#### How to complete this task:
From the first line of the data through the line containing "冷蔵庫のスペースを取らないよ", transcribe each line exactly. Pictures do not belong in the copy.

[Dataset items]
=== Begin Enclosure ===
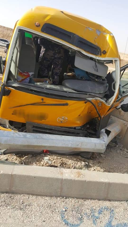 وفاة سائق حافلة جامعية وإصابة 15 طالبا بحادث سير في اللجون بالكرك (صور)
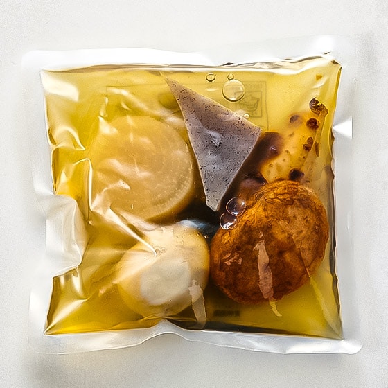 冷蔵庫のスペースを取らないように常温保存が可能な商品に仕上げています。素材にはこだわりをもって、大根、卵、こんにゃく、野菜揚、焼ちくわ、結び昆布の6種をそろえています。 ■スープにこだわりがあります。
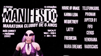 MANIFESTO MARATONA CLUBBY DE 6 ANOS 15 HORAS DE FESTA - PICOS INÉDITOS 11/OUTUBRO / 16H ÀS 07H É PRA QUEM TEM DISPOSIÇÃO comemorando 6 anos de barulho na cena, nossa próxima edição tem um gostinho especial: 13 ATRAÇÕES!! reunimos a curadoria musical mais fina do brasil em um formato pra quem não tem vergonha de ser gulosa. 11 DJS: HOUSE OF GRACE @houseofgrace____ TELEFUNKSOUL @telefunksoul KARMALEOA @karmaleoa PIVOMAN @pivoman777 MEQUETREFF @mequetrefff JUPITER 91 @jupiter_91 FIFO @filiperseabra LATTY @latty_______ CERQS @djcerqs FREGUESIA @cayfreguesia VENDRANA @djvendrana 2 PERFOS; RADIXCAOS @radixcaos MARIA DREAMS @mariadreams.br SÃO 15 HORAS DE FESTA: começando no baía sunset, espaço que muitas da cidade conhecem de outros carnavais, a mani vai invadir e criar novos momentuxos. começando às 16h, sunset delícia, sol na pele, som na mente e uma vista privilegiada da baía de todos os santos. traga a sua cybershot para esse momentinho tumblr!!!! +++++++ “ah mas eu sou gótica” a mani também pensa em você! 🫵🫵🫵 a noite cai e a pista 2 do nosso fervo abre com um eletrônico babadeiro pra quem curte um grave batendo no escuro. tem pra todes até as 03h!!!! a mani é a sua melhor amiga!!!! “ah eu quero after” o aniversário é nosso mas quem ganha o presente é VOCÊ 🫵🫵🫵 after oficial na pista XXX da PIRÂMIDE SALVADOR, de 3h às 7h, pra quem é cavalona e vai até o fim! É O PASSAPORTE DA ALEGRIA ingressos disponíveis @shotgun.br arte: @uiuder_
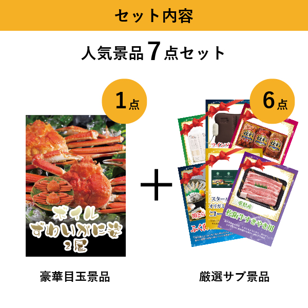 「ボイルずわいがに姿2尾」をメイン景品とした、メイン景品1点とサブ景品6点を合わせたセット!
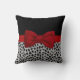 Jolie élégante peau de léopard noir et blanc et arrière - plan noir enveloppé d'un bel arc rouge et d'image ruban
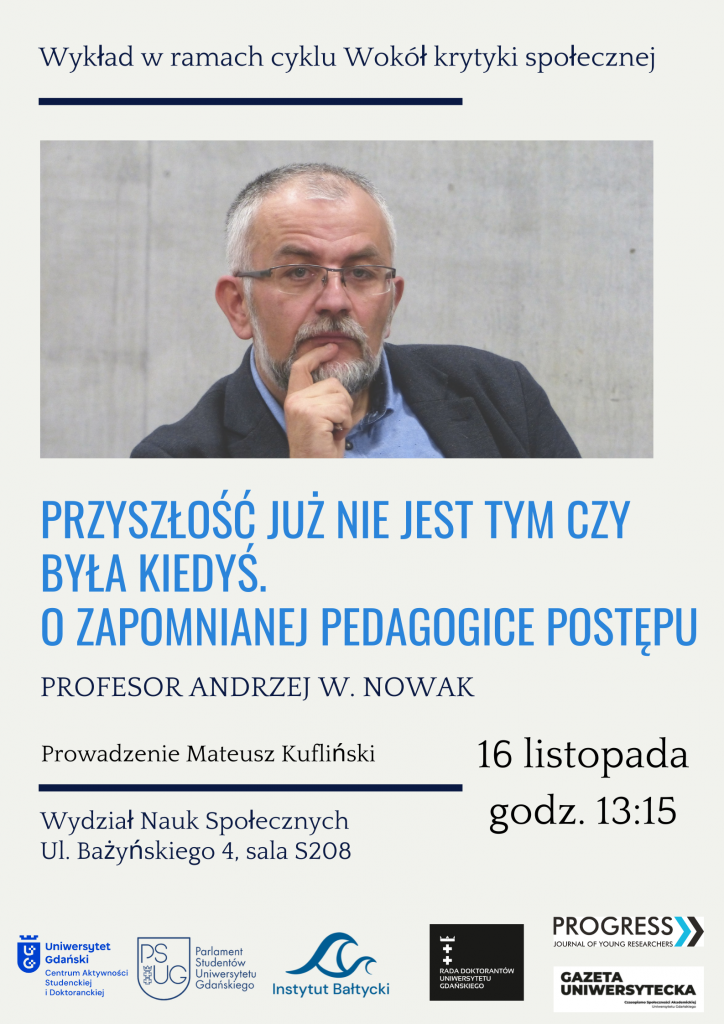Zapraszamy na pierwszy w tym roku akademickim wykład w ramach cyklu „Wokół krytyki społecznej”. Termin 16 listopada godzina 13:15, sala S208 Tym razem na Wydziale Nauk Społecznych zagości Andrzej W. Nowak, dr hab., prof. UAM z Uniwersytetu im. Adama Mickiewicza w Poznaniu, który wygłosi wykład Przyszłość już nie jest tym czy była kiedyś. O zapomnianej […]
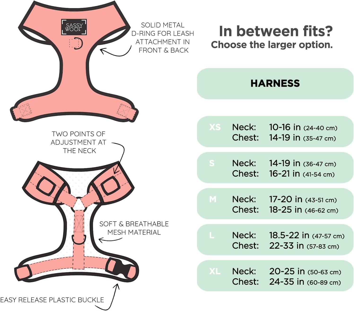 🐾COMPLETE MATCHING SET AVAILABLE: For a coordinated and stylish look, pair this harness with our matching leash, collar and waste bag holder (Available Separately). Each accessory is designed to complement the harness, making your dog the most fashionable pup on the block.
=== End Enclosure ===
#### Finished task:
 وفاة سائق حافلة جامعية وإصابة 15 طالبا بحادث سير في اللجون بالكرك (صور)
 冷蔵庫のスペースを取らないように常温保存が可能な商品に仕上げています。素材にはこだわりをもって、大根、卵、こんにゃく、野菜揚、焼ちくわ、結び昆布の6種をそろえています。 ■スープにこだわりがあります。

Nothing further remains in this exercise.